(Dataset excerpts)
- - - -

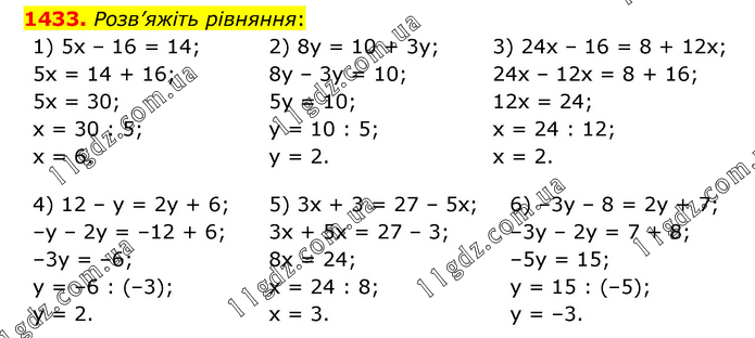 Розв’яжіть рівняння: 1) 5x – 16 = 14; 5x = 14 + 16; 5x = 30; x = 30 : 5; x = 6. 2) 8y = 10 + 3y; 8y – 3y = 10; 5y = 10; y = 10 : 5; y = 2. 3) 24x – 16 = 8 + 12x; 24x – 12x = 8 + 16; 12x = 24; x = 24 : 12; x = 2. 4) 12 – y = 2y + 6; –y – 2y = –12 + 6; –3y = –6; y = –6 : (–3); y = 2. 5) 3x + 3 = 27 – 5x; 3x + 5x = 27 – 3; 8x = 24; x = 24 : 8; x = 3. 6) –3y – 8 = 2y + 7; –3y – 2y = 7 + 8; –5y = 15; y = 15 : (–5); y = –3.
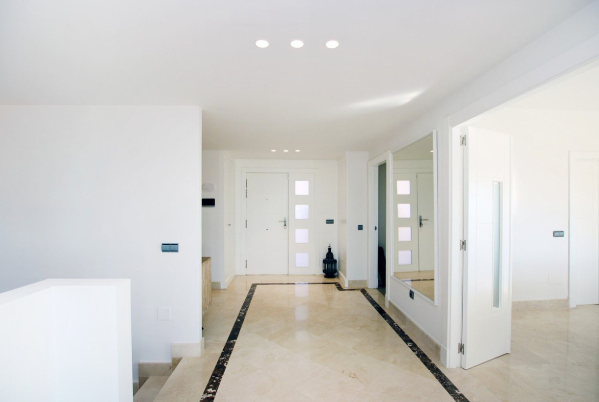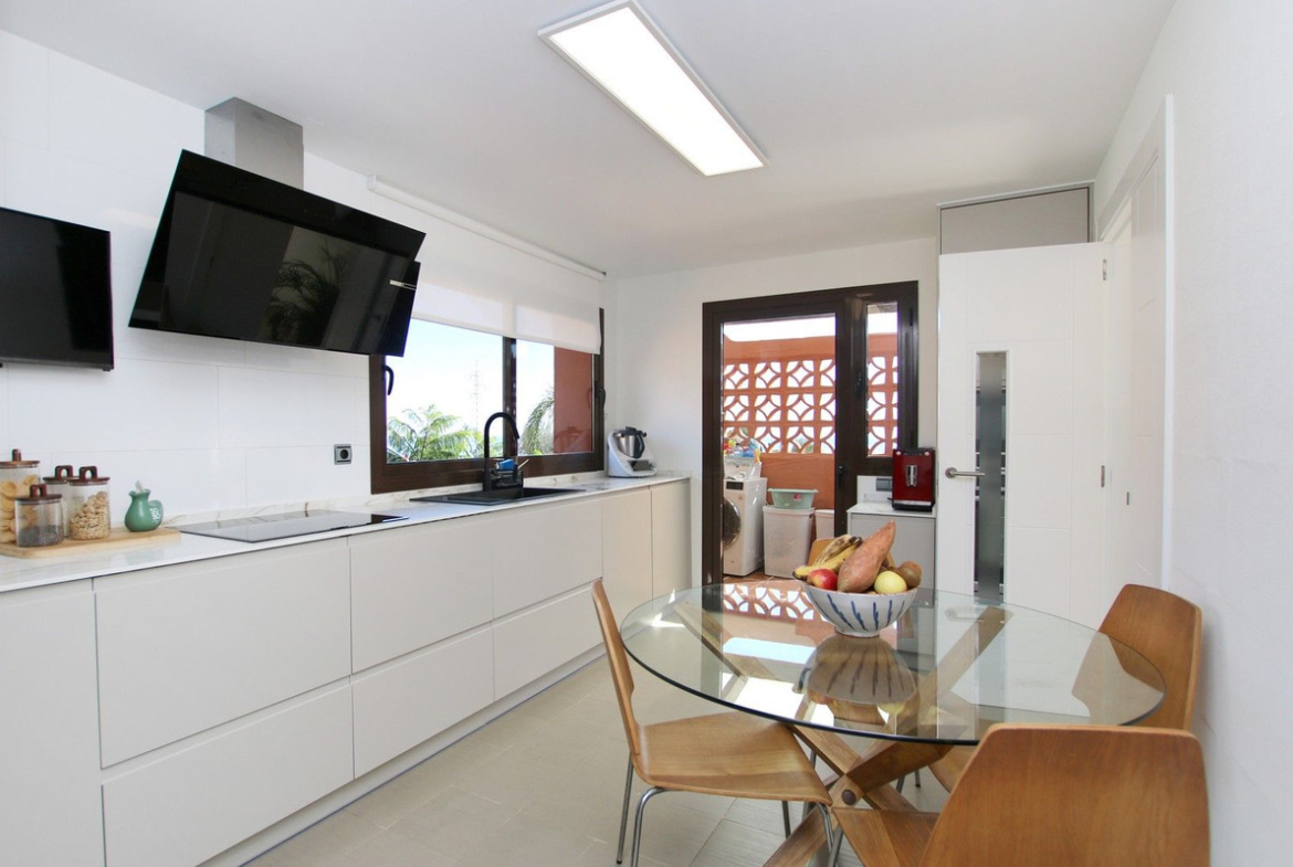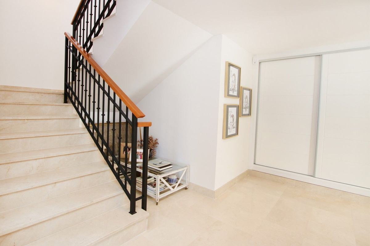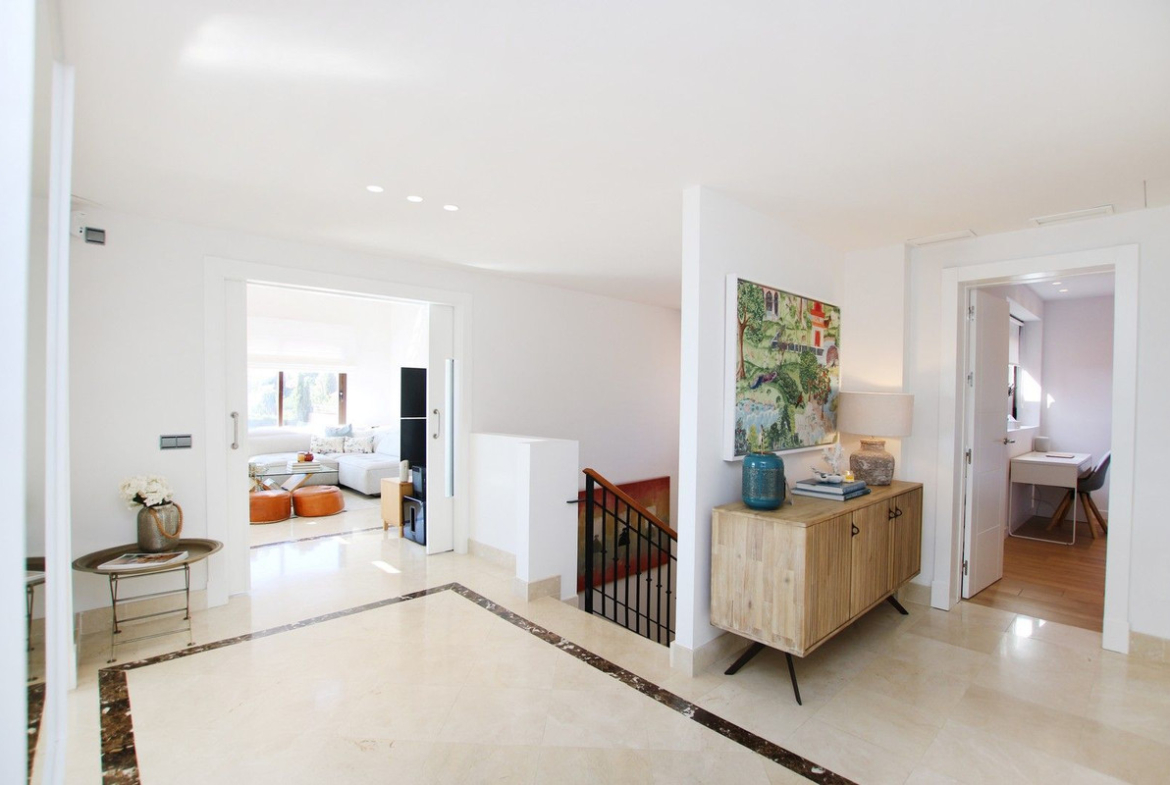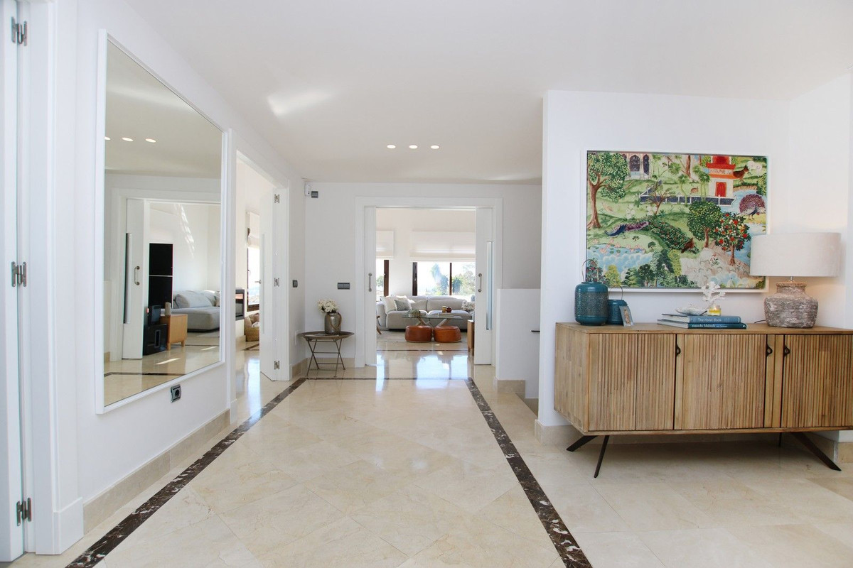 Step through the front door and into the welcoming foyer, where the essence of Villa El Retamar begins to unfold. To the right, a guest toilet and bedroom offer privacy and comfort to visitors. To the left, a high-level kitchen, equipped with modern appliances, connects seamlessly with a practical laundry room and the elegant formal dining room.
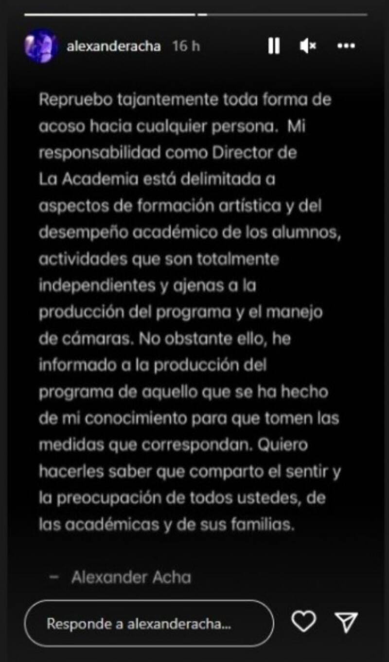 “Mi responsabilidad como director de La Academia está delimitada a aspectos de formación artística y del desempeño académico de los alumnos, actividades que son totalmente independientes y ajenas a la producción del programa y el manejo de cámaras. No obstante ello, he informado a la producción del programa de aquello que se ha hecho de mi conocimiento para que tomen las medidas que correspondan”, mencionó Alexander en su escrito.
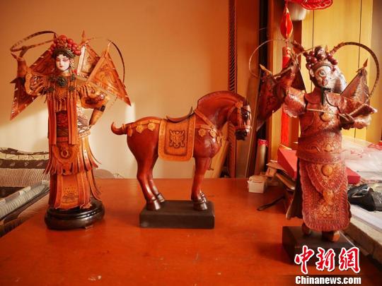 By teaching himself and constantly improving his craft for years, 65-year-old Wang Huaimin in northeastern China’s Jilin City has carved many Chinese opera figures on leather.
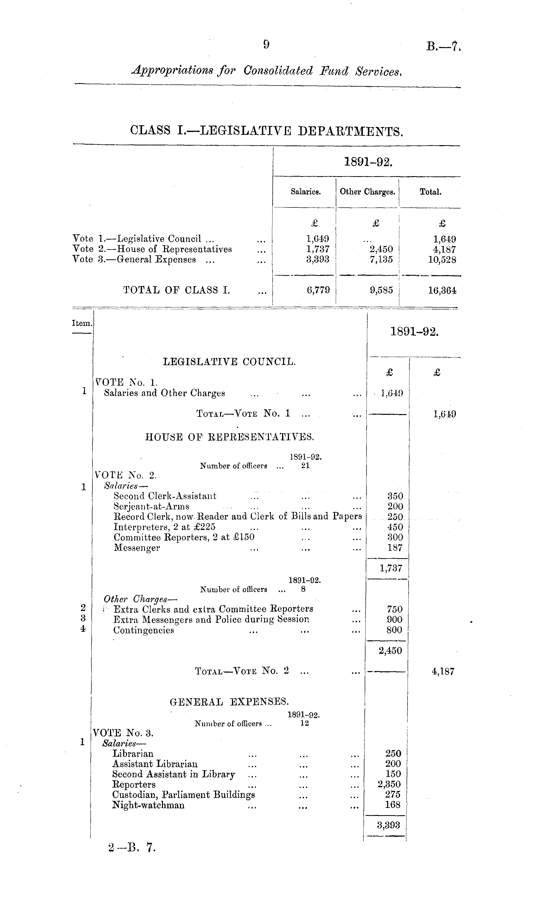 1891-92. Salaries. Other Charges. Total. Vote 1.—-Legislative Council ... Vote 2.—House of Representatives Vote 3. —General Expenses ... £ 1,649 1,737 3,393 £ 2,450 i 7,135 £ 1,649 4,187 10,528 TOTAL OP CLASS I. 6,779 9,585 16,36' Xeva. 1891-92. LEGISLATIVE COUNCIL. £ £ VOTE No. 1. Salaries and Other Charges 1,649 ToTAi,—Vote No. 1 ... 1,649 HOUSE OF REPRESENTATIVES. 1891-92. Number of officers ... 21 VOTE No. 2. Salaries— Second Clerk-Assistant Serjeaiit-at-Arms Record Clerk, now Reader and Clerk of Bills and Papers Interpreters, 2 at £225 Committee Reporters, 2 at £150 Messenger 350 200 .250. 450 300 187 1891-92. Number of officers ... 8 1,737 2 8 4 Other Charges —■ \- Extra Clerks and extra Committee Reporters Extra Messengers and Police during Session Contingencies 750 900 800 i Total—Vote No. 2 ... 2,450 4,187 GENERAL EXPENSES. 1891-92. Number of officers ... 12 VOTE No. 3. Salaries — Librarian Assistant Librarian Second Assistant in Library Reporters Custodian, Parliament Buildings Night-watchman 250 200 150 2,350 275 168 3,393
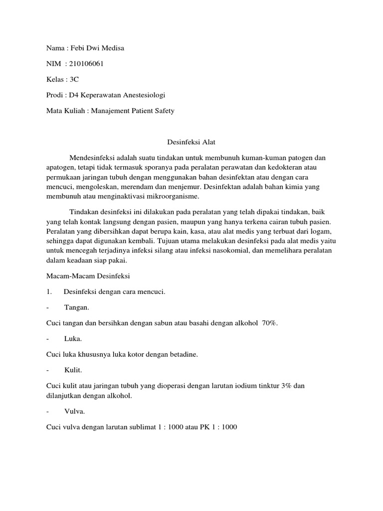 yang digunakan saat pelaksanaan asuhan keperawatan. Tujuan desinfeksi dengan bahan kimia
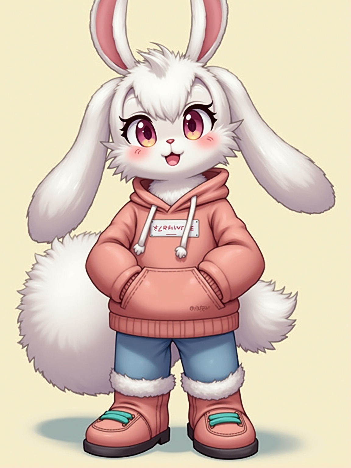 furry character of bunny fursona of model with cute rabbit features, soft fur, and long floppy ears , wearing colorful casual wear, happy expression, detailed digital furry art style, pastel colors
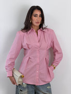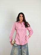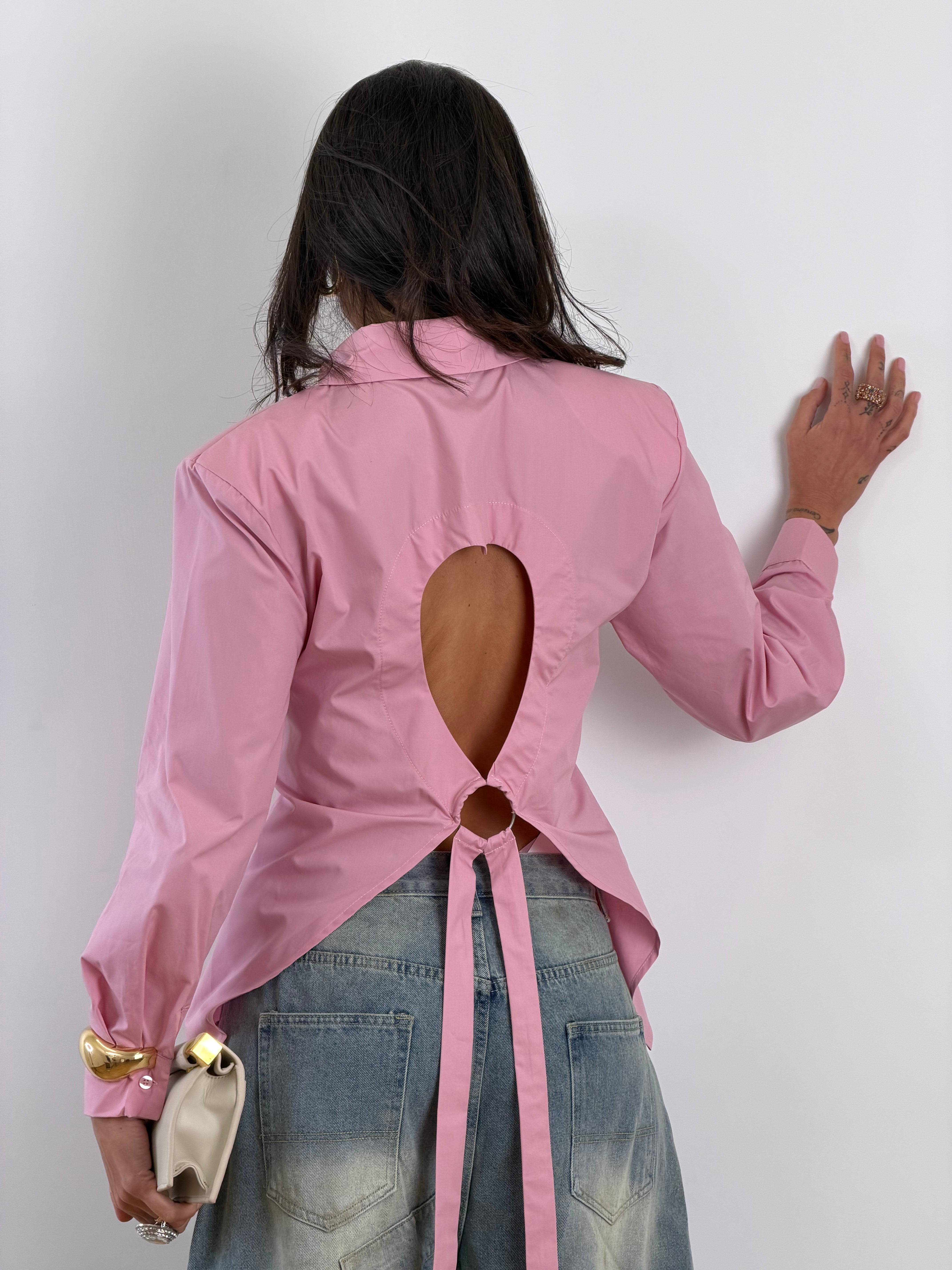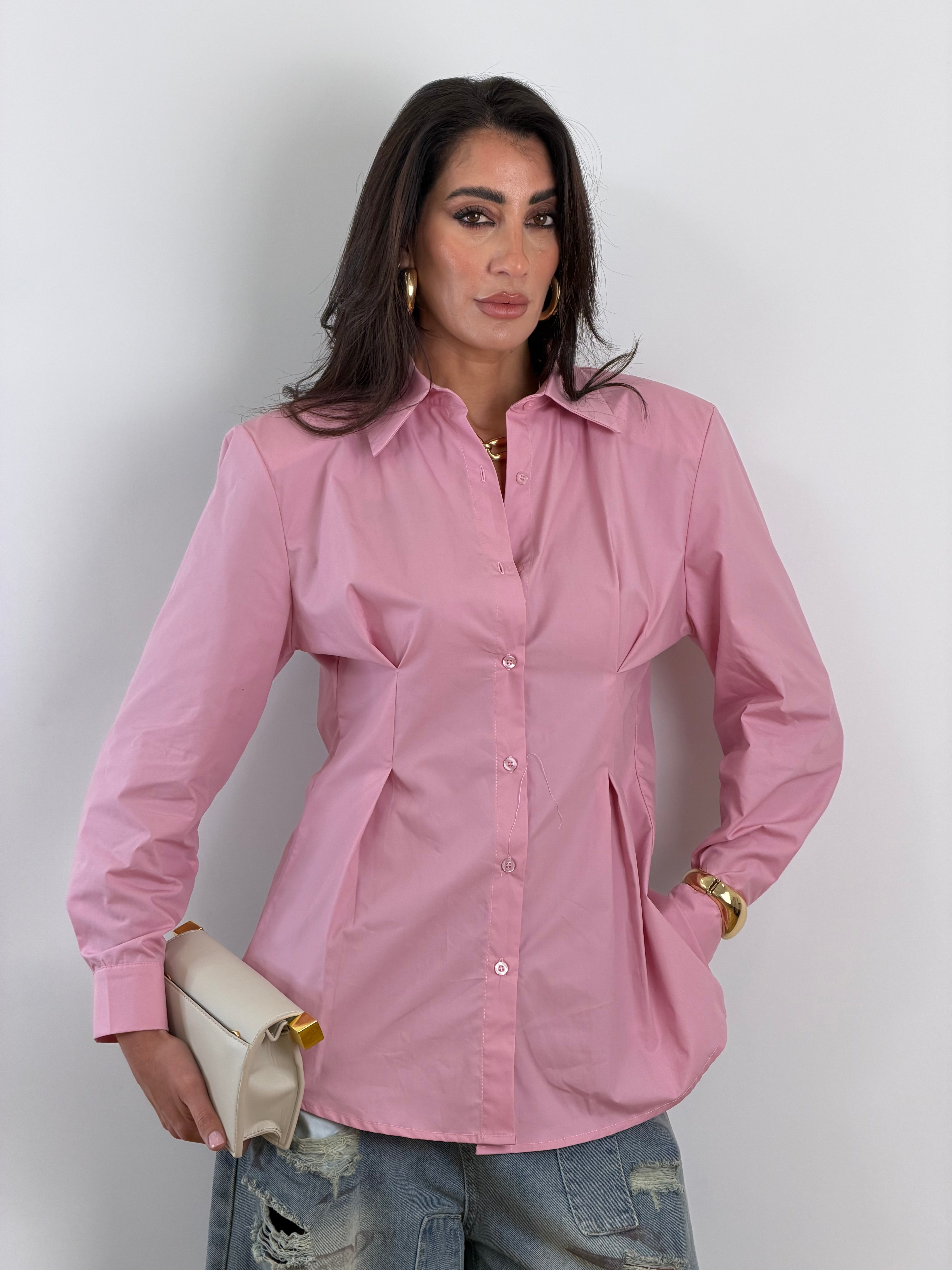Camicia rosa confetto. Taglio a clessidra con pinces frontali che stringono il punto vita. Spalline imbottite. Colletto classico a punta. Polsini alti con chiusura a bottone. Apertura posteriore a cuore. Taglia unica

- - - -

- **REQUIRED WORK**:
The expected response is every entry above, repeated exactly, pictures removed.

- **WRITTEN REPLY**:
 Розв’яжіть рівняння: 1) 5x – 16 = 14; 5x = 14 + 16; 5x = 30; x = 30 : 5; x = 6. 2) 8y = 10 + 3y; 8y – 3y = 10; 5y = 10; y = 10 : 5; y = 2. 3) 24x – 16 = 8 + 12x; 24x – 12x = 8 + 16; 12x = 24; x = 24 : 12; x = 2. 4) 12 – y = 2y + 6; –y – 2y = –12 + 6; –3y = –6; y = –6 : (–3); y = 2. 5) 3x + 3 = 27 – 5x; 3x + 5x = 27 – 3; 8x = 24; x = 24 : 8; x = 3. 6) –3y – 8 = 2y + 7; –3y – 2y = 7 + 8; –5y = 15; y = 15 : (–5); y = –3.
 Step through the front door and into the welcoming foyer, where the essence of Villa El Retamar begins to unfold. To the right, a guest toilet and bedroom offer privacy and comfort to visitors. To the left, a high-level kitchen, equipped with modern appliances, connects seamlessly with a practical laundry room and the elegant formal dining room.
 “Mi responsabilidad como director de La Academia está delimitada a aspectos de formación artística y del desempeño académico de los alumnos, actividades que son totalmente independientes y ajenas a la producción del programa y el manejo de cámaras. No obstante ello, he informado a la producción del programa de aquello que se ha hecho de mi conocimiento para que tomen las medidas que correspondan”, mencionó Alexander en su escrito.
 By teaching himself and constantly improving his craft for years, 65-year-old Wang Huaimin in northeastern China’s Jilin City has carved many Chinese opera figures on leather.
 1891-92. Salaries. Other Charges. Total. Vote 1.—-Legislative Council ... Vote 2.—House of Representatives Vote 3. —General Expenses ... £ 1,649 1,737 3,393 £ 2,450 i 7,135 £ 1,649 4,187 10,528 TOTAL OP CLASS I. 6,779 9,585 16,36' Xeva. 1891-92. LEGISLATIVE COUNCIL. £ £ VOTE No. 1. Salaries and Other Charges 1,649 ToTAi,—Vote No. 1 ... 1,649 HOUSE OF REPRESENTATIVES. 1891-92. Number of officers ... 21 VOTE No. 2. Salaries— Second Clerk-Assistant Serjeaiit-at-Arms Record Clerk, now Reader and Clerk of Bills and Papers Interpreters, 2 at £225 Committee Reporters, 2 at £150 Messenger 350 200 .250. 450 300 187 1891-92. Number of officers ... 8 1,737 2 8 4 Other Charges —■ \- Extra Clerks and extra Committee Reporters Extra Messengers and Police during Session Contingencies 750 900 800 i Total—Vote No. 2 ... 2,450 4,187 GENERAL EXPENSES. 1891-92. Number of officers ... 12 VOTE No. 3. Salaries — Librarian Assistant Librarian Second Assistant in Library Reporters Custodian, Parliament Buildings Night-watchman 250 200 150 2,350 275 168 3,393
 yang digunakan saat pelaksanaan asuhan keperawatan. Tujuan desinfeksi dengan bahan kimia
 furry character of bunny fursona of model with cute rabbit features, soft fur, and long floppy ears , wearing colorful casual wear, happy expression, detailed digital furry art style, pastel colors
Camicia rosa confetto. Taglio a clessidra con pinces frontali che stringono il punto vita. Spalline imbottite. Colletto classico a punta. Polsini alti con chiusura a bottone. Apertura posteriore a cuore. Taglia unica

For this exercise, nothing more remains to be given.